SAVE OUTFILE='0102 - 0203 Match 1.sav' /KEEP l01 l03a l03b a15 a26a a_aola a26b a_aolb /COMPRESSED. |
3 The process here is similar to Match 1, the only differences being the variables used to do the fuzzy matching and the additional criteria applied about start dates. The pre-match files have also been resorted to the different order required for this fuzzy match. MATCH FILES /FILE='QSR _WBL_0203_prematch - resort.sav' /FILE='QSR_WBL_0102_prematch - resort.sav' /BY L01 L11 A15 Matchv.

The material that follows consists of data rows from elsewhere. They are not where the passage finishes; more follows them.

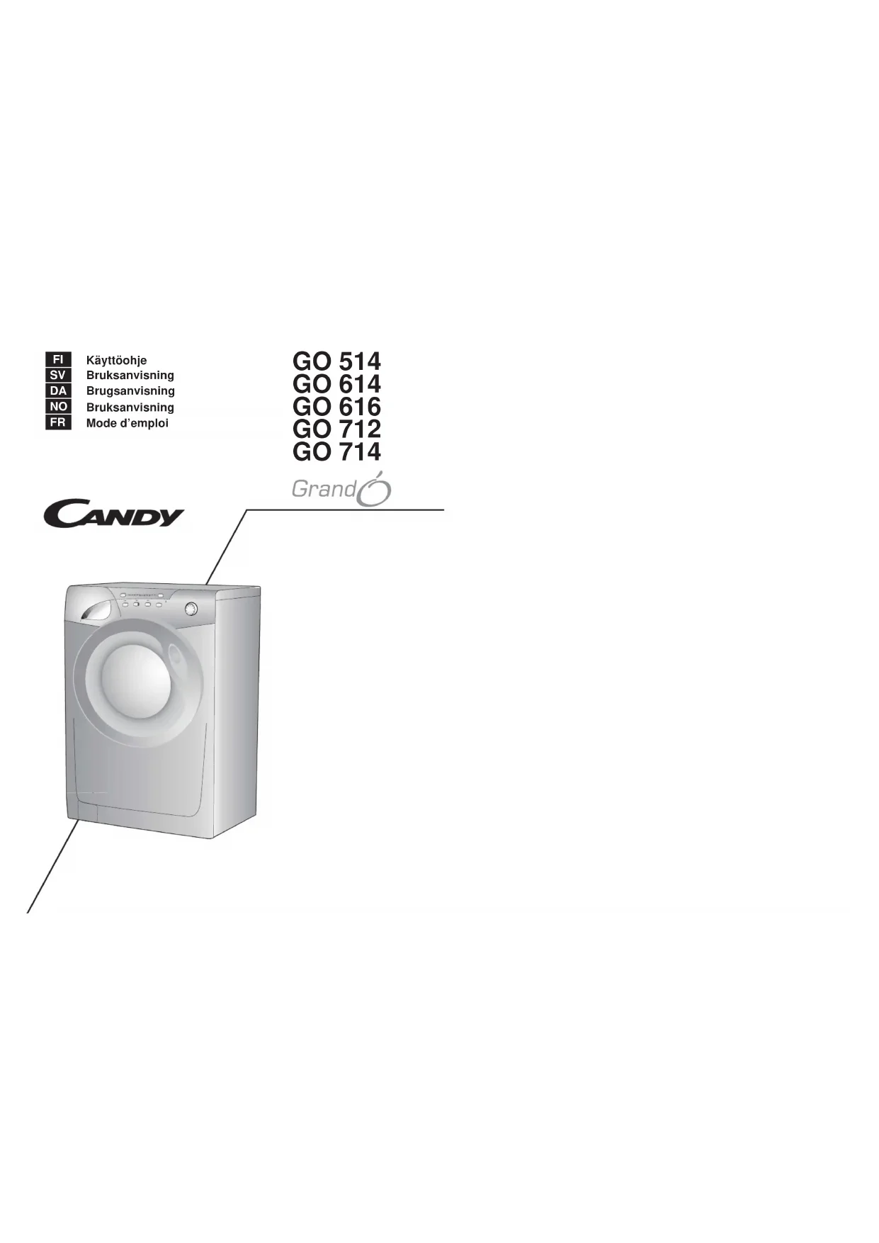 OUS NOS COMPLIMENTS En achetant cet appareil ménager Candy,vous avez démontré que vous n’acceptez aucun compromis: vous voulez toujours ce qu’il y a de mieux. Candy a le plaisir de vous proposer cette nouvelle machine à laver qui est le résultat d’années de recherches et d’études des besoins du consommateur. Vous avez fait le choix de la qualité,de la fiabilité et de l’efficacité. Candy vous propose une large gamme d’appareils électroménagers: machines à laver la vaisselle, machines à laver et sécher le linge, cuisinières, fours à micro- ondes, fours et tables de cuisson,hottes, réfrigerateurs et congélateurs. Demandez à votre Revendeur le catalogue complet des produits Candy. Nous vous prions de lire attentivement les conseils contenus dans ce livret.Il contient d’importantes indications concernant les procédures d’installation, d’emploi,d’entretien et quelques suggestions utiles en vue d’améliorer l’utilisation de la machine à laver. Conservez avec soin ce livret: vous pourrez le consulter bien souvent. Quand vous communiquez avec Candy,ou avec ses centres d’assistance,veuillez citer le Modèle,le n° et le numéro G (éventuellement).KAPPALE AVSNITT KAPITEL KAPITTEL CHAPITRE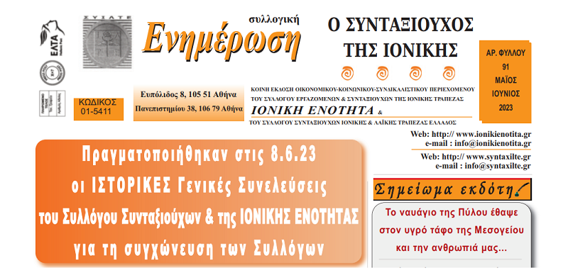 Ειδήσεις, Ειδήσεις ΣΥΙΛΤΕ, Ενημέρωση, ΣΥΙΛΤΕΔιαβάστε το νέο τεύχος της εφημερίδας μας ! Σαράντος Φιλιππόπουλος14 Ιουλίου, 2023 10:36 Συνάδελφοι, κυκλοφόρησε το νέο τεύχος της κοινής εφημερίδας της ΙΟΝΙΚΗΣ ΕΝΟΤΗΤΑΣ και του Συλλόγου Συνταξιούχων. Φύλλο 91 (πατήστε εδώ) ΥΣΤΑΤΗ επιστολή προς τους αρμοδίους για τη διευθέτηση χρονίζουσων εκκρεμοτήτων που ταλαιπωρούν τους συνταξιούχους συναδέλφους μας με αποκλειστική ευθύνη του e-ΕΦΚΑ – Επόμενο βήμα η δικαστική διεκδίκηση Καλό ταξίδι Νίκο
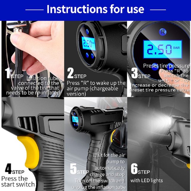 ?01. 150PSI ÃÖ´ë ÀÛµ¿ ¾Ð·Â, 12V ÈÞ´ë¿ë °ø±â ¾ÐÃà±â, ³»Àå LED ÀÛ¾÷ Á¶¸í.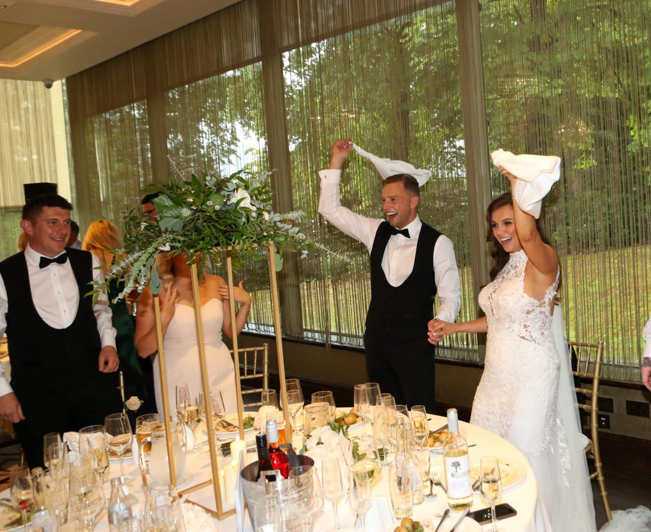Jen and Jim get into the party mood during their wedding breakfast, caught to perfect by Ryan Mimiec Photography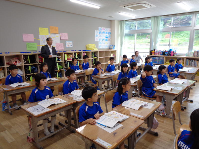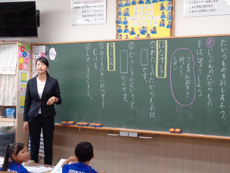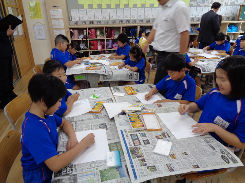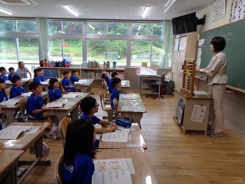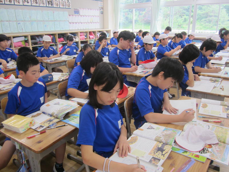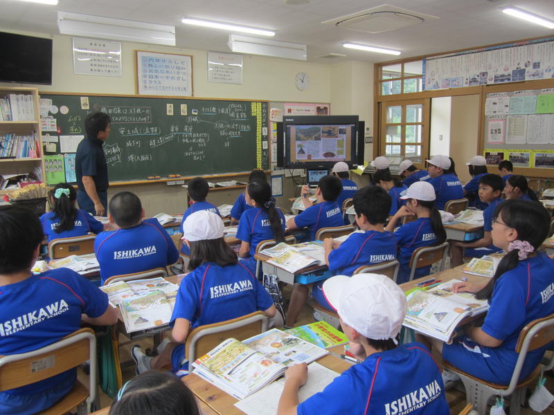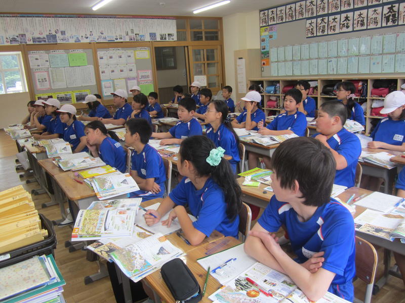6年生の社会の学習の様子です。6年1組の先生が6年2組の子ども達を指導しています。その時間に、6年2組の先生は、6年1組の子ども達に音楽を指導しています。6年1組では、天下統一について学習していました。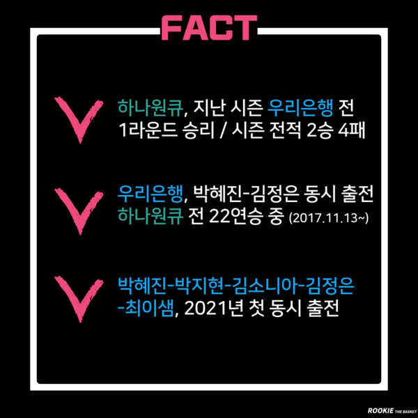 위성우 감독 부임 이후 줄곧 우승권에 머물며 강호로 평가받은 우리은행, 그리고 만년 하위권으로 하나원큐의 대결이기 때문이지만, 맞대결에서 우리은행이 무려 26연승을 달렸던 것도 중요한 이유다.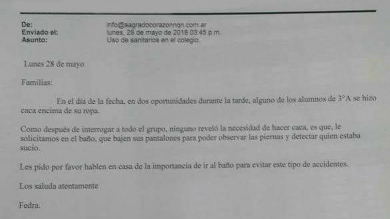 “Como después de interrogar a todo el grupo, ninguno reveló la necesidad de hacer caca, es que, le solicitamos en el baño, que bajen sus pantalones para poder observar sus piernas y detectar quien estaba sucio”, dice el mail del colegio que recibieron los padres.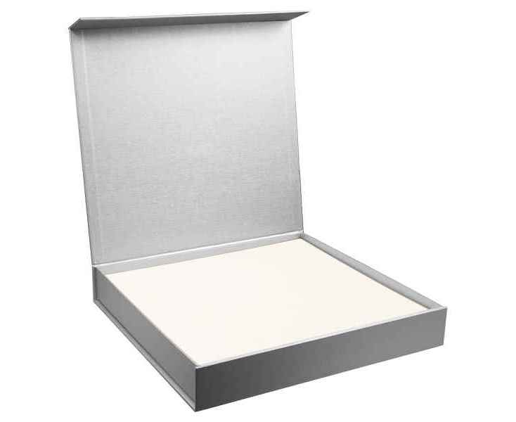 Подарочная коробка, размер 29,7*28,0*4,5 см, Solution Prestige Magnum Linen с магнитным клапаном под индивидуальную вырубку, серебристая, с бежевым ложементом
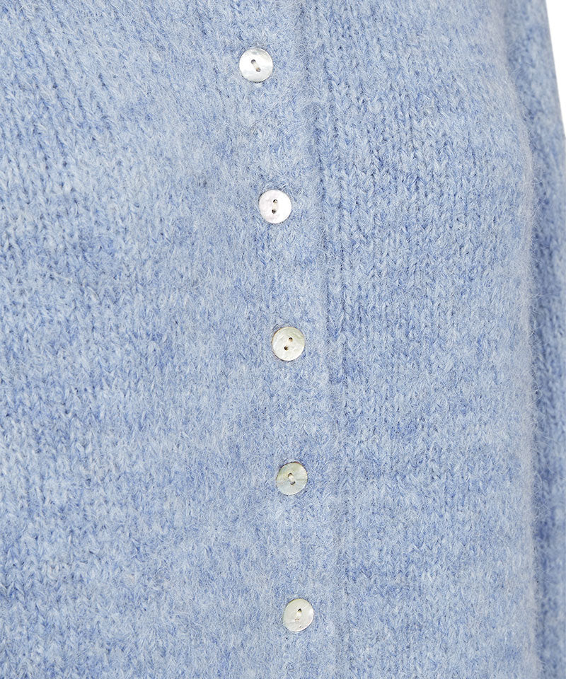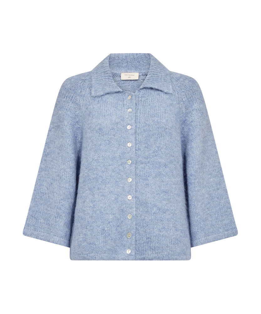 Härlig cardigan från Freequent i ett mjukt, stickat material. Koftan har en enkel silhuett med trekvartsärmar, vida ärmar, krage samt knappar framtill.

SELECT IF (sfl_0102 = 1 AND sfl_0203 = 1). SELECT IF (l03a <> l03b). SELECT IF (XDATE.QUARTER(a27a) = XDATE.QUARTER(a27b)). SELECT IF (XDATE.YEAR(a27a) = XDATE.YEAR(a27b)). SELECT IF (a27a < DATE.DMY(01,08,2002) AND a27b < DATE.DMY(01,08,2002)). SORT CASES BY l01 l03a.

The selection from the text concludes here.